I didn’t know if he was trying to sweet talk me, but we weren’t friends. When the Totki had put duct tape so effectively on my eyes, it made me realize that they had been sitting around concocting that strategy. A strategy based specifically on fighting me. How much time did Uulath have to think about me and how he might manipulate me?

“Ten rolls of mylon plastic and two water filtration systems would be great. We have eight different water containment areas based on how clean it is. The eighth one is like liquid rust.”

I took a deep breath and pondered his request.

He chuckled and wore a wistful, melancholy expression.

“You’re thinking, ‘What can I give them yet still leave this place a living hell?’ You are our sun god, Hank. We fear you like the insects that crawl around in the safety of the night.”

CHAPTER 12

There was a little bit of a hassle at the entrance to the four block district that was the Ank Reserve.

The guards demanded I remove all my weapons, but I had too many and I didn’t feel like it. Finally, I simply walked past them. The guards thought better of firing on me.

Besides, I had been personally summoned.

The Ank were, or at least had been, the bankers of the galaxy.
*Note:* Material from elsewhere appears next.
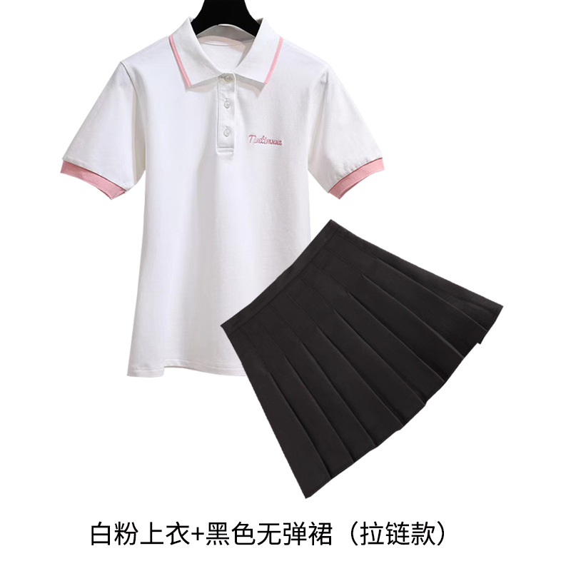 • 화이트 핑크 T + 블랙 스커트 (신축성 없는 지퍼 버전)

They had nearly been exterminated in the war. Not because anyone particularly bore them ill will, but the Ank were never very populous, and when one side wanted to end the funding to the other side during the civil war, they would attack the Ank planets. Eventually, they were almost wiped out.

My motto was to never take sides.

The Ank seemed to have a motto of take every side equally. Some people even blame the Ank for increasing the scale of the civil war, because they funded so much of it.

Between losing the Ank home worlds and our teles, the financial system across the galaxy simply ceased to exist. Barter and trade became the most common form of conducting business.